An investigation has revealed what happened when a plane dropped more than 15,000 feet in six minutes as oxygen masks were deployed.
An investigation has revealed what happened when a plane dropped more than 15,000 feet in six minutes as oxygen masks were deployed.

Reason for Qantas mid-air drama

The insulation blanket of a plane that dropped 17,000 feet in six minutes mid-flight was not installed correctly and clogged an air valve, affecting the cabin pressure, an investigation has found.

The QantasLink Fokker 100 aircraft was carrying passengers from Perth to Geraldton on August 10, 2020, cruising at 26,000 feet when the flight crew received an excessive cabin altitude warning.

Oxygen masks were deployed and the pilot launched an emergency descent before the plane levelled off at 9000 feet and continued to Geraldton.

At the time passengers told local media they were startled.

One passenger sitting in the front row told the Geraldton Guardian the crew was to be commended.

"The crew did a fantastic job … The pilot asked if there were any questions," he said in August.

"Everybody was quite impressed."

The Fokker 100 aircraft was on a flight from Perth to Geraldton when the cabin pressure became compromised.
The Fokker 100 aircraft was on a flight from Perth to Geraldton when the cabin pressure became compromised.

An engineering inspection has since determined that an insulation blanket had "migrated from its location" and became wedged in one of the pressurisation system's two air outflow valves, which affected the aircraft's ability to maintain cabin pressure.

According to the Australian Transport Safety Bureau's investigation, the insulation blanked had likely "not been properly secured to the aircraft's structure" during recent heavy maintenance.

On the aircraft, insulation blankets in the same area as outflow valves were able to dislodge and move if not correctly secured, ATSB acting director transport safety Vik Chaudhri said.

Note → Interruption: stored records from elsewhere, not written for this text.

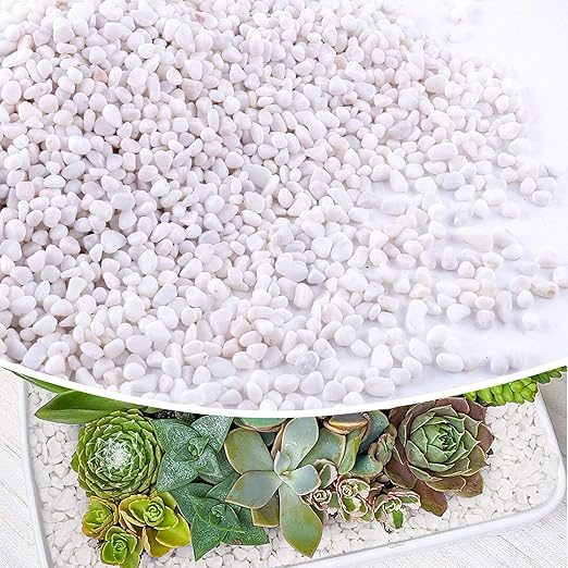- 🌷【White Rocks】: 2/5 inches. These small white rocks are polished, with no sharp edges, ensuring they won't harm plants. They can be spread over the soil surface of plants, serving not only for decoration but also preventing soil losing and aiding in the optimal growth of plants.
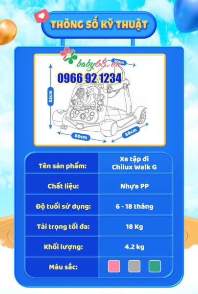 Xe tập đi Chilux Walk G, thiết kế không góc cạnh, gấp gọn dễ dàng, đạt chuẩn châu âu
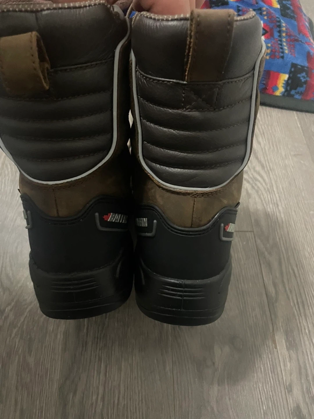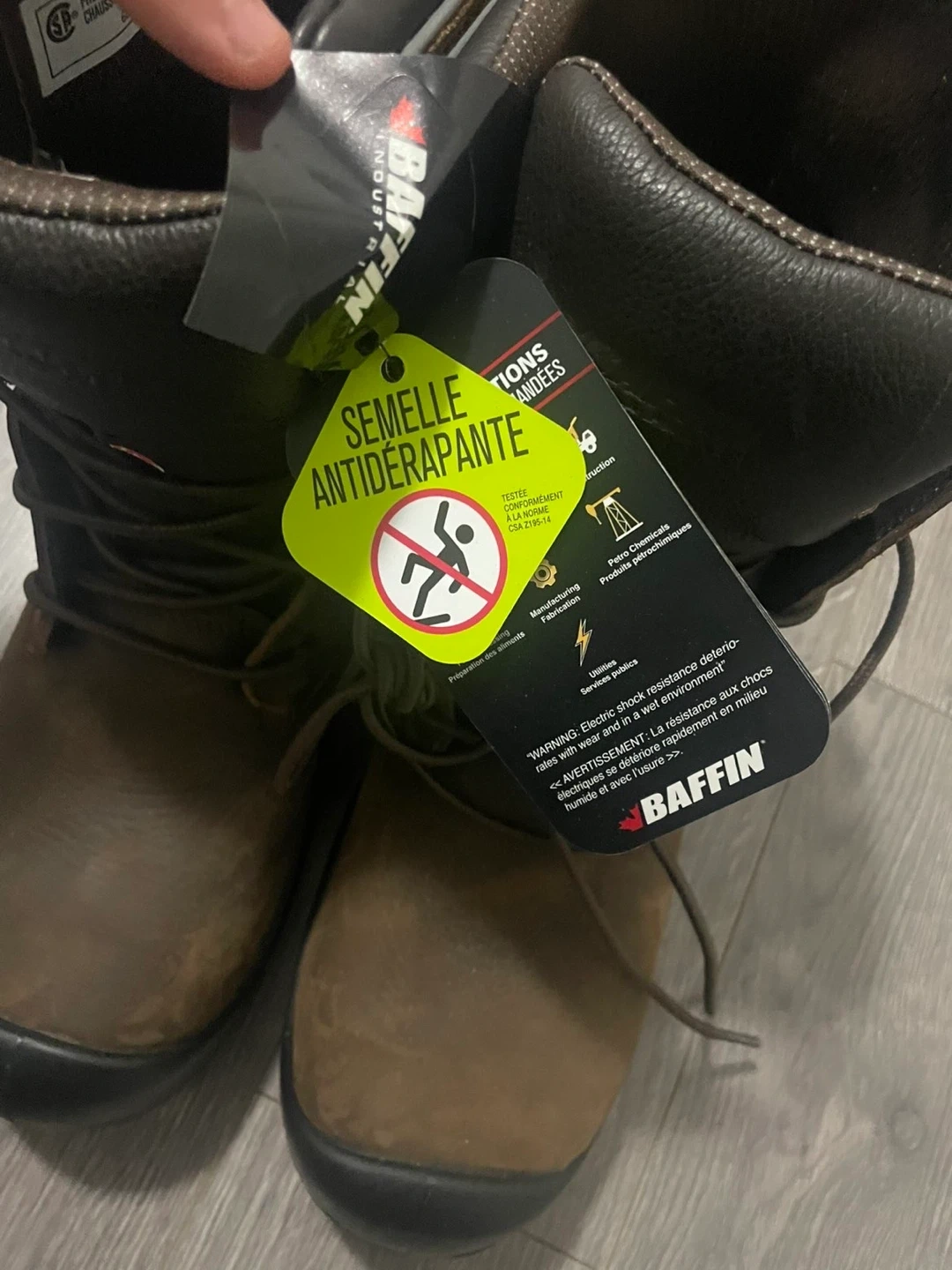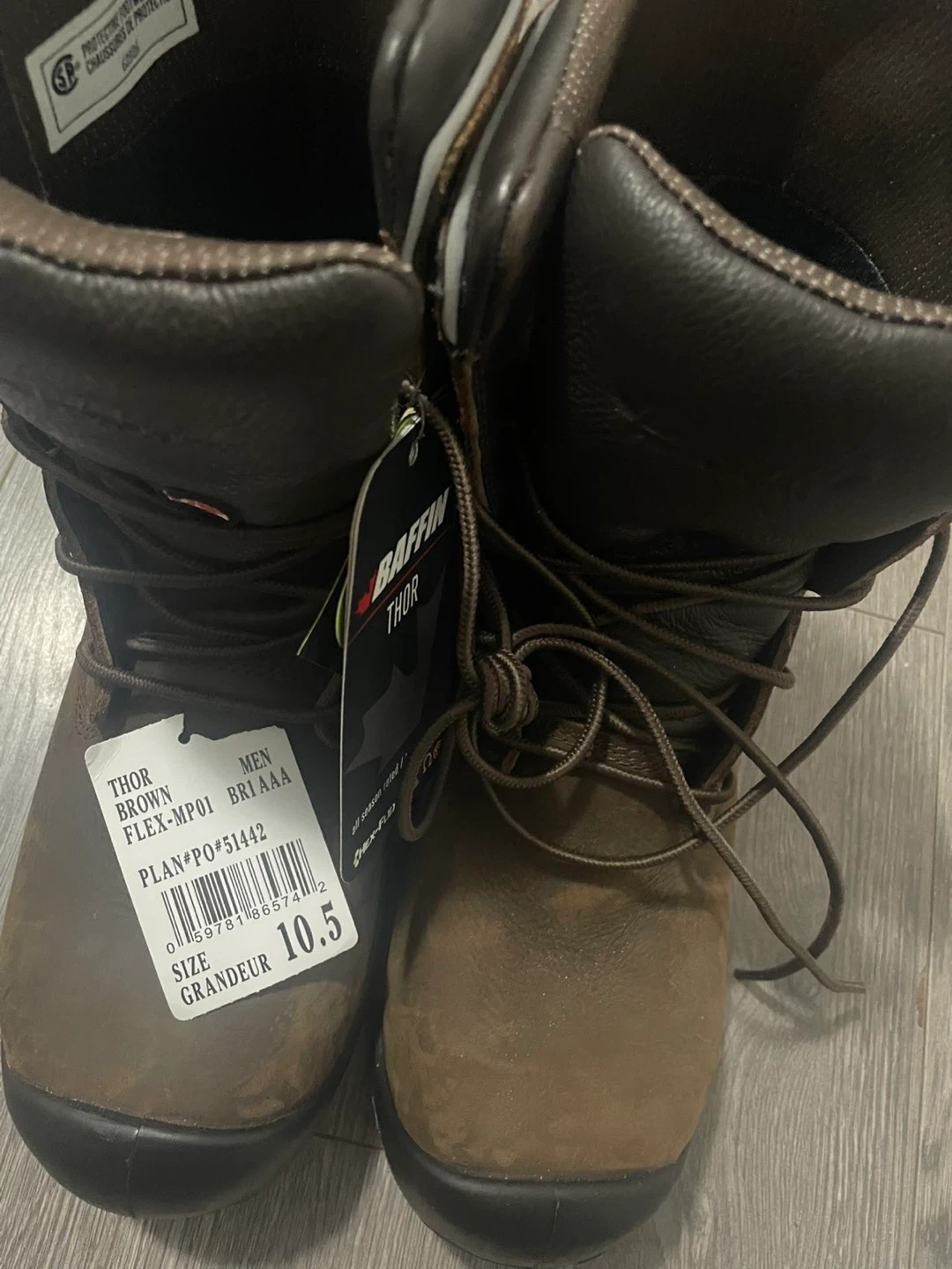 Baffin work boots with slip-resistant soles and a durable construction. Features a brown leather upper with black accents. Size is 10.5.

"The investigation found that while the aircraft manufacturer's instructions detailed that during maintenance installation blankets could be removed 'as necessary', those instructions did not reference the insulation blanket installation procedure," Mr Chaudhri said.

"This resulted in insulation blankets not being properly secured to the structure."

Qantas subsidiary Network Aviation conducted a fleet-wide inspection of its Fokker 100 fleet in response, identifying a "number" of aircraft with incorrectly installed insulation blankets.

Virgin Australia and Alliance Airlines have since carried out their own inspections for incorrectly installed insulation blankets.